All You Need to Know About Different Types of Term Insurance Claims
Table of Contents
A term insurance plan offers various types of benefits to its policyholders. However, all of these benefits serve different objectives, therefore, the claim for each of them is different. Generally, there are 3 kinds of claims that are common to all the term insurance plans available in the insurance industry. These claims are:
- Death Benefit Claim
- Maturity Benefit Claim
- Rider Benefit Claim
Let us talk about each of them in detail.
Death Benefit Claim
The main objective of purchasing a term insurance plan is to offer financial safety to your family members after your untimely demise during the plan tenure.
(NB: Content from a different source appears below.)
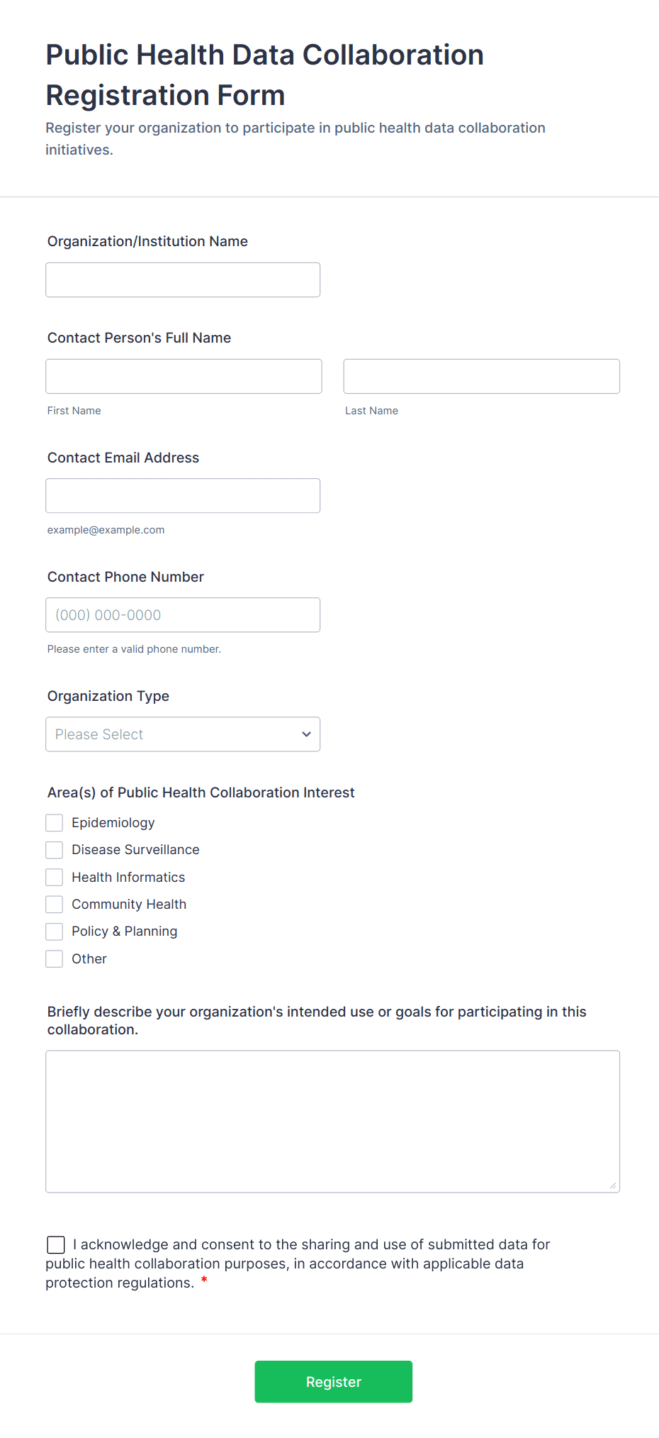 Collect COVID-19 vaccine registrations online. Fill out on any device. Easy to customize, share, and embed. Convert submissions to PDFs instantly. HIPAA friendly features option.

Thus, a death benefit under a term insurance plan is the amount of sum assured that the family members of the life assured is entitled to receive after the demise of the policyholder before the maturity of the plan.
Generally, the death benefit involves sum assured on death under any term insurance plan. The family members are eligible to get the whole sum of death benefit after filing for the claim. They can opt to receive it in lump sum or in portions from time to time. This would depend on the reimbursement method that was selected by the policyholder at the time of purchasing the insurance plan.
Maturity Benefit Claim
Under a death benefit, the compensation is made to the loved ones of the life assured only in the event of death of the policyholder during the plan duration. However, what would happen in case the policyholder survives the plan tenure? In this scenario, the plan would reach its maturity date and the policyholder would not get any maturity benefit even upon making a claim. However, if the term insurance plan bought by the policyholder is ‘Term insurance with return of premium’ type then in this case the policyholder would get back the premium paid.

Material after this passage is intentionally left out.